Als erstes fällt mir auf, daß sich Baucis und Philemon in einer
offenen Gegend mit großen Weiden, Wiesen mit Blumen und somit in der
freien Natur befinden. Beide stehen für das Althergebrachte, was sehr
mühsam aufgebaut wurde. Sie können mit der neuen Welt nicht Schritt
halten und verabscheuen somit die neuen Methoden und Ziele. Darum stellen sie
für Faust ein Problem in Ausführung seiner Pläne dar. Sie stehen
zu dem alten Gott, der ihre Welt erschaffen hat. Sie sehen, daß Faust,
welcher sich für einen Gott hält und somit für B. und P. eine
gottlose Person darstellt, sich ihr Land aneignen will um sich einen Palast zu
errichten. Dies lassen sie aber nicht zu. Beide sind gegen den Ausbau des
Landes, da er Menschenleben fordert. Gott ist für beide die höchste
Lebensform und gibt ihnen Richtlinien, so daß B., P. die neue
Lebensordnung in Form des Kapitalismus nicht verstehen. Sie teilen ihren Besitz
gern mit anderen Leuten (z.B. Wanderer), sehen aber nicht ein diesen Besitz an
einen skrupellosen Menschen abzugeben. P. sieht das Scheitern von Fausts
Plänen. Faust hingegen befindet sich in höfischer Umgebung, was seine
neugewonnene Macht darstellt oder in dunkler Nacht mit finsteren Gestalten
(böse Seite). Er ist zu einem skrupellosen Kapitalisten geworden, der ohne
nachzudenken über das Schicksal von anderen Menschen entscheidet. Er
hält sich bereits für Gott und ist durch das Leuten der Kirchenglocken
gestört. Er will jedoch diese Kirche beherrschen um nicht nur die
Herrschaft auf der Welt zu besitzen, da sonst diese heilige Aura ihn umbringt.

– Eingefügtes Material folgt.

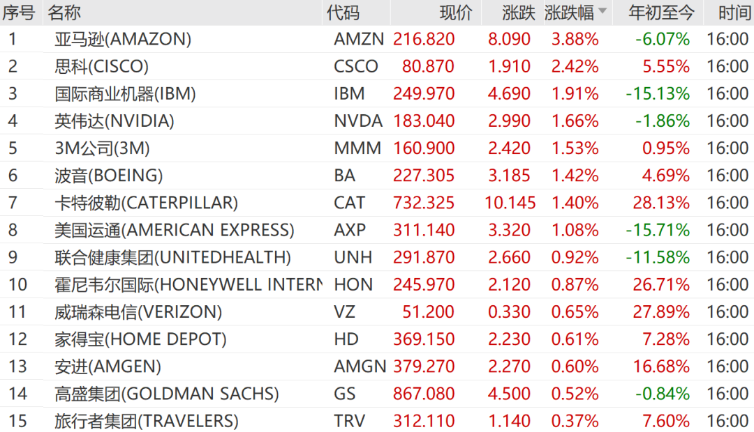 亚马逊涨3.88%,思科涨2.42%,IBM涨1.91%,领涨道指。

B., P. müssen weichen, da sie noch für die alte Weltordnung stehen,
die Faust nicht akzeptieren kann, da sie nur Moral und Frömmigkeit
beinhaltet. So stören beide ihn. Um seine Macht zu zeigen, muß er
dieser alten Weltordnung Schaden zufügen. So festigt er nicht nur seine
weltliche Macht, sondern auch seine geistliche. Diese alte Ordnung wird sich an
seiner Tat, dem Land auf dem Meer nicht beweisen können. Besitz ist
für Faust Ziel Nummer eins, was sich in seinen Befehlen, die B. und P.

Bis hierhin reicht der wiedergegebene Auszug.